Sky Polarization Observatory
- Alternative names: SPOrt
- Wavelength: 22, 32, 90 GHz (1.36, 0.94, 0.33 cm)
- Decommissioned: 2005
- Angular resolution: 7 degree
- Website: sport.iasfbo.inaf.it

= Sky Polarization Observatory =

Cancelled ISS instrument

The Sky Polarization Observatory (SPOrt) was an Italian instrument planned for launch to the International Space Station in for a planned 2-year mission beginning in 2007. There it would observe 80% of the sky for the Cosmic microwave background radiation in the frequency range from 20 to 100 GHz. Apart from detecting large scale CMB polarization it will also provide maps of Galactic synchrotron emission at lowest frequencies.

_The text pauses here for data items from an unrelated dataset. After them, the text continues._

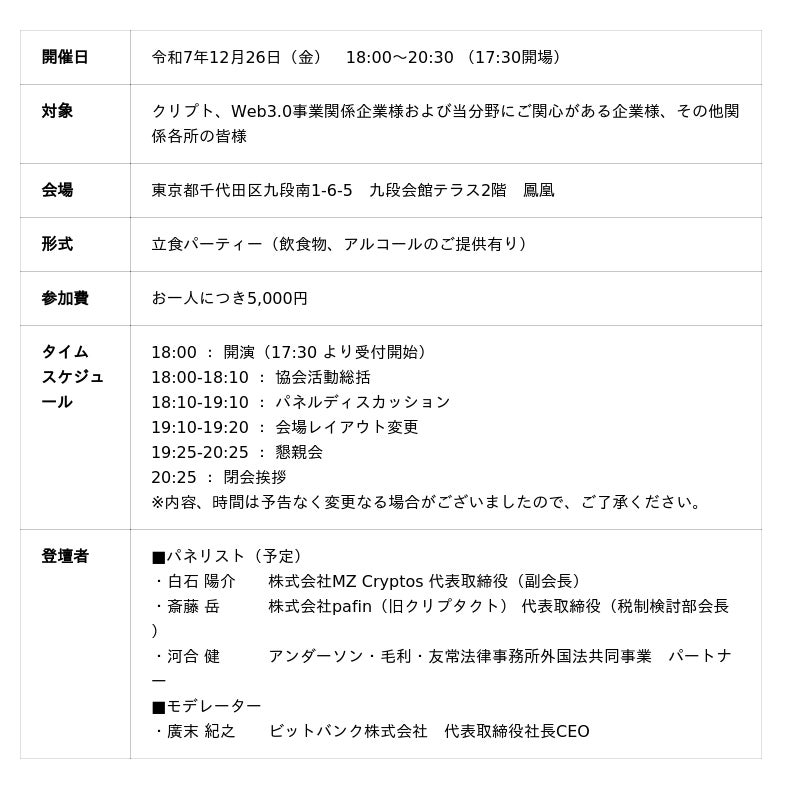 最新の金商法移行に関連する規制動向や、税制、国内ETFなど、今年も激動の中にあった暗号資産業界の注目トピックを中心にパネルディスカッションを行い、その後懇親会を実施いたします。
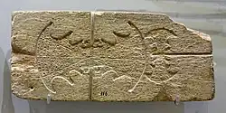 Stefanos Xanthoudidis, who published the find in 1900 described the two moulds, which were made from relatively soft and brittle schist as Plate Α and Plate Β.[1] His plaster casts, which are also reproduced on the right hand side, are mirror images of the original moulds. Both moulds are 225 mm (8.9 in) wide, 100 mm (3.9 in) high and 20 mm (0.8 in) thick,[2] while the width of the plaster casts is 230 mm (9.1 in).[3]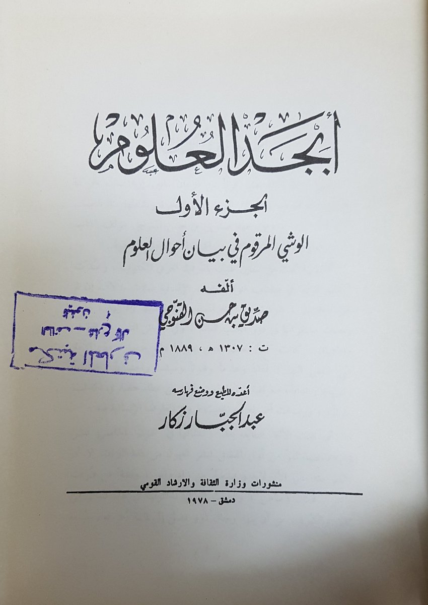 (أبجد العلوم) أو (الوشي المرقوم في بيان أحوال العلوم) للسيد الصدِّيق بن حسن القِنَّوجي، نزيل الهند، هو من أوسع وأنفع الكتب في بيان العلوم والتعريف بأصحابها. وهذه الطبعة أجود طبعاته، ولأنها طُبعت في جهة حكومية، فهي تكاد تكون مُتعذِّرة، إلا من مصوَّرتها هذه. #طبعات_مغفول_عنها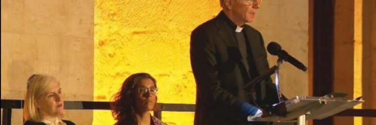 Archbishop Gustave Garcia-Siller addresses the crowd as Rabbi Mara Nathan and Pastor Dianna Garcia look on. INTERFAITH PRAYER VIGIL In…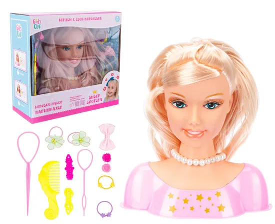 В комплекте помимо манекена расческа, 2 петли-стайлера для волос и большой выбор заколок и резинок для волос.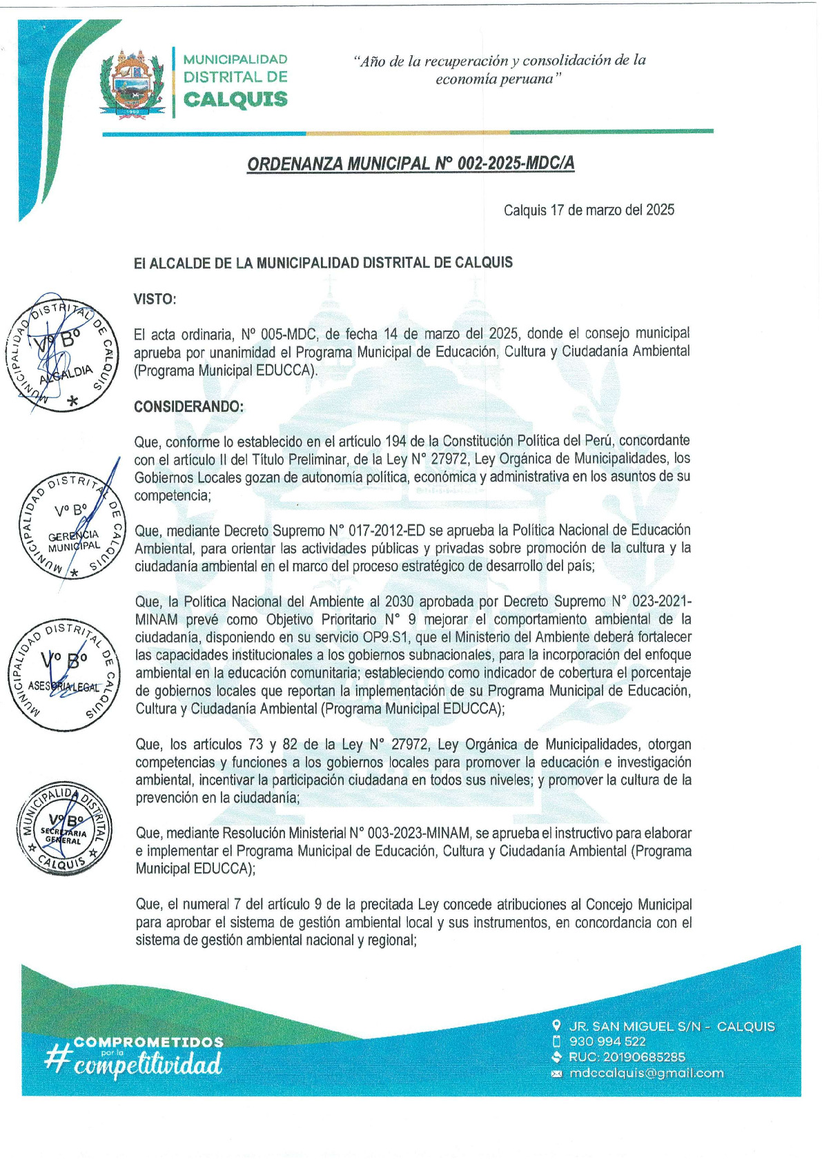 La presente Ordenanza aprueba el Programa Municipal de Educación, Cultura y Ciudadanía Ambiental de la Municipalidad Distrital de Calquis - San Miguel (Cajamarca), con la finalidad de promover la cultura y la educación ambiental para la formación de ciudadanas y ciudadanos ambientalmente responsables e incentivar la participación ciudadana en todos sus niveles.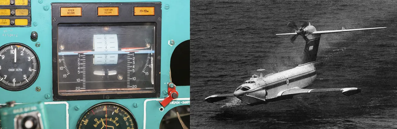 Фото «Луня» в развороте нет, поэтому вот фото накренившегося «Орлёнка». Зато есть фото индикатора крена, тангажа и скольжения с приборной доски «Луня». Заодно видим ужасный кильватерный след от пролёта ЭП (не видим)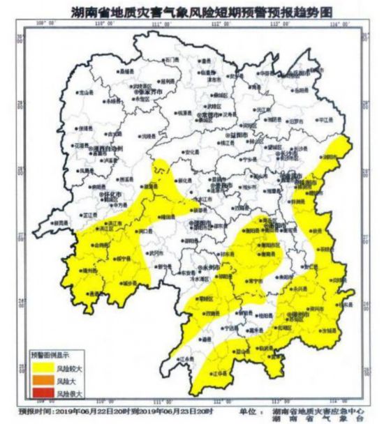 根据湖南省气象台2019年6月22日短期气象预报情况,湖南省地质灾害应急中心与湖南省气象台联合会商得出如下结论:自6月22日20:00至23日20:00,受降雨影响, 湘东、湘东南、湘中、湘西南、湘南大部分区域发生突发性地质灾害风险较大(黄色预警)。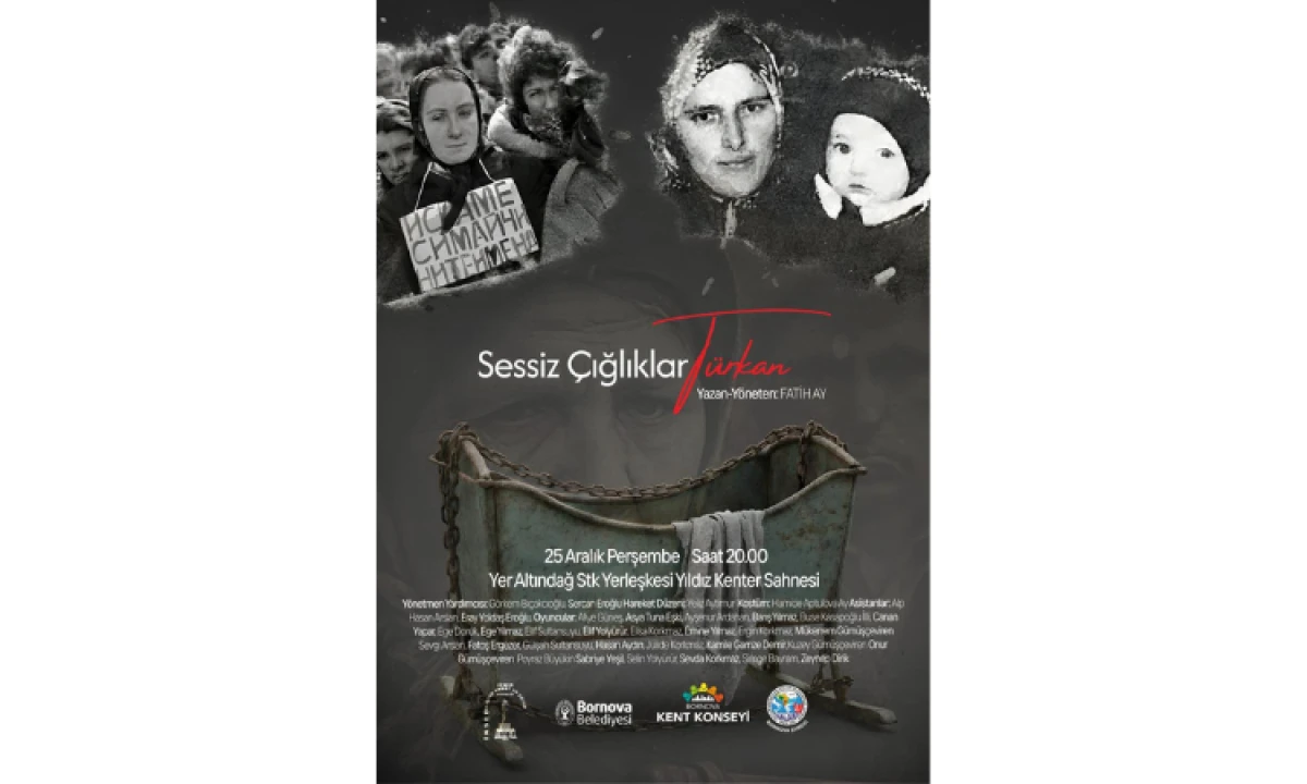 “Sessiz Çığlıklar Türkan” tiyatro oyunu, 25 Aralık’ta Bornova Altındağ Kültür Merkezi’nde sahnelenecek. Oyun, Türkan Bebek’i konu alan Türkiye’deki ilk tiyatro eseri olma özelliğini taşıyor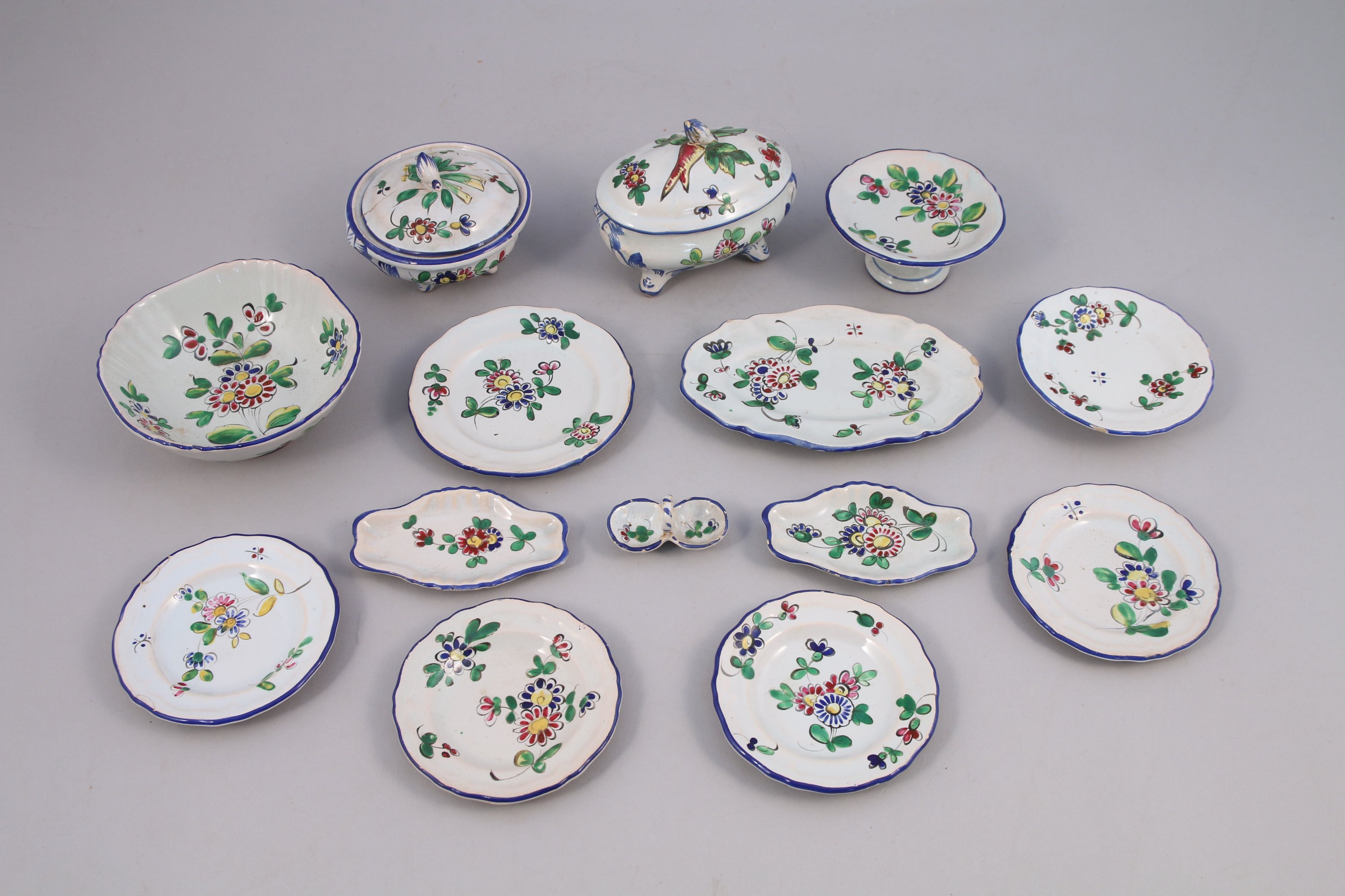 DINETTE en faïence à décor de fleurs comprenant quatorze pièces: une soupière (couvercle accidenté), une terrine, un saladier, un compotier, un grand plat oblong, deux plats, un saleron, quatre assiettes, un plat circulaire, un plat à gâteau.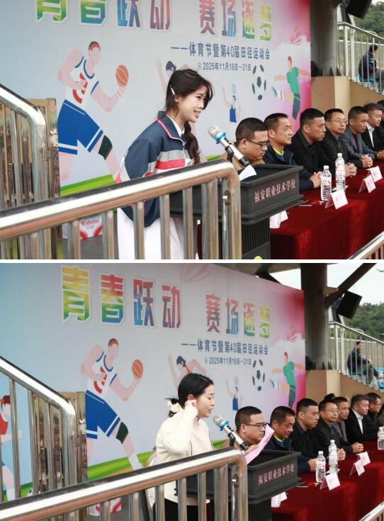 最后,在热烈的掌声中,校党总支书记黄小刚宣布:“福建省福安职业技术学校2025年体育节暨第40届田径运动会开幕!”至此,本届运动会各项赛事正式拉开战幕。
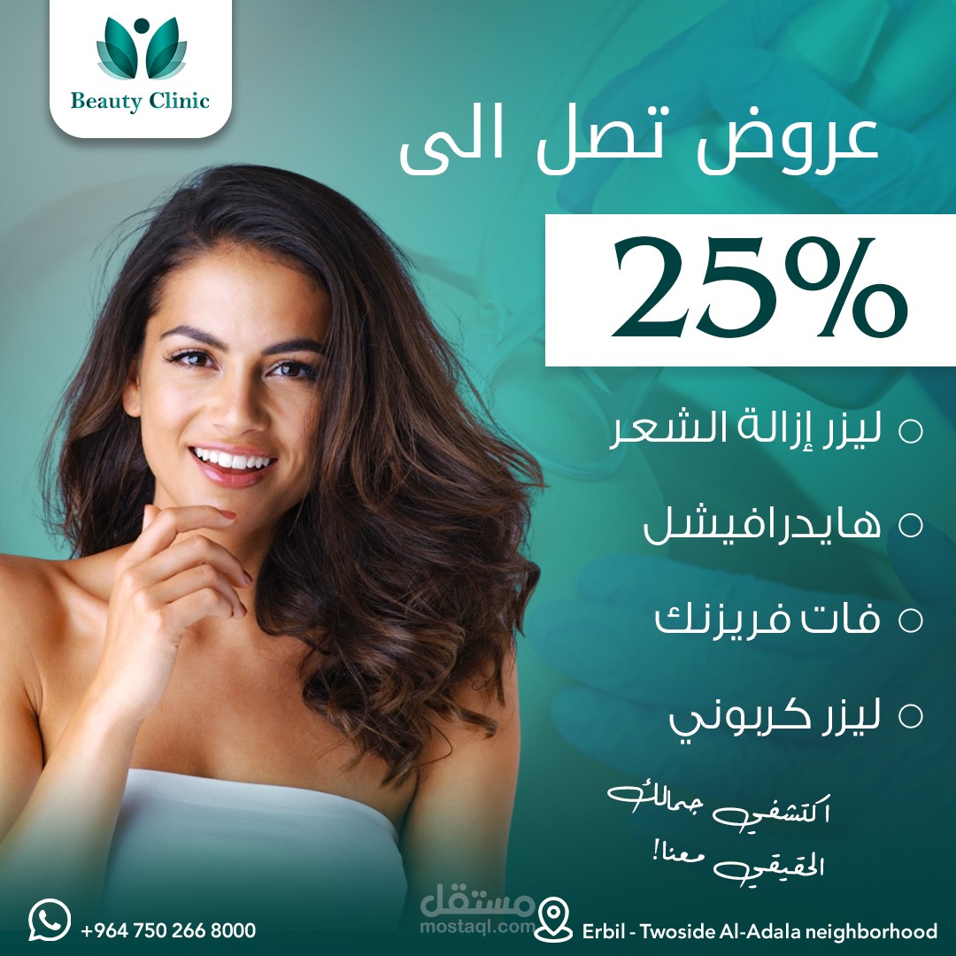 في هذا المشروع، توليت تصميم سلسلة من المنشورات التسويقية الخاصة بعيادة Beauty Clinic المتخصصة في خدمات التجميل والعناية بالبشرة.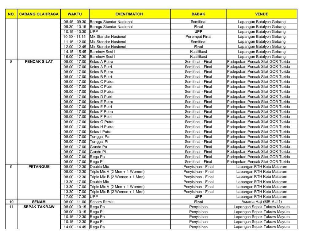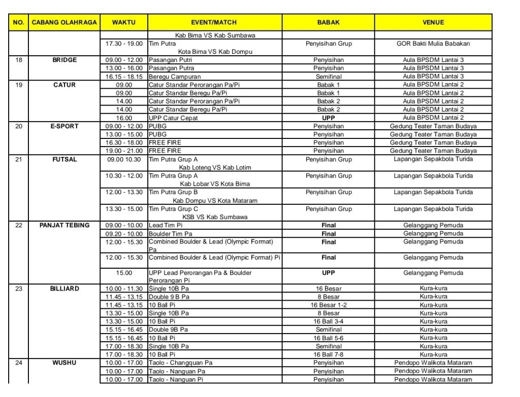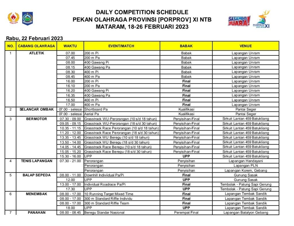 Berikut jadwal dan lokasi cabor-cabor yang akan bertanding diajang Porprov XI NTB 2023 hari ini :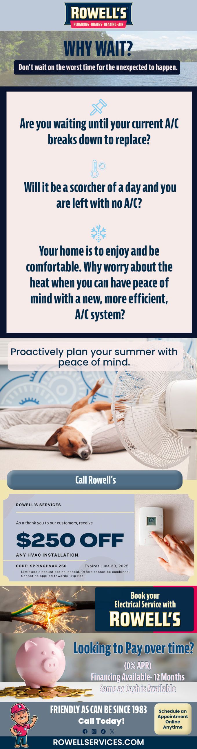 "Friendly As Can Be Since 1983!" When you need help with your plumbing, drains, heating, cooling or electrical in Nashua, you can always rely on Rowell's Services! Call us now or book online!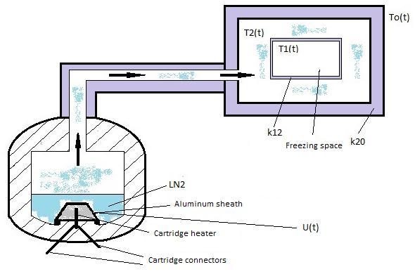 temperature control system, therefore, to obtain the transfer function, the materials of the thermal system that are considered are glass as straw material, glycerol as bovine semen cryoprotectant, high density expanded polystyrene as insulating material and nitrogen as the transmissionmedium.

The project was headed by Stefano Cortiglioni of the IASF-CNR in Bologna and completely funded by the Italian Space Agency. Due to the project's reliance on the Space Shuttle, and the setback of the Columbia disaster, timely launch was unlikely. Cortiglioni therefore canceled the project in 2005 to allow his team to seek more promising research avenues.

==Instrumentation==
SPOrt carries four feed horns sensitive at 22, 32 and 90 GHz which feed a bolometer with a pixel sensitivity of 1.7 μK.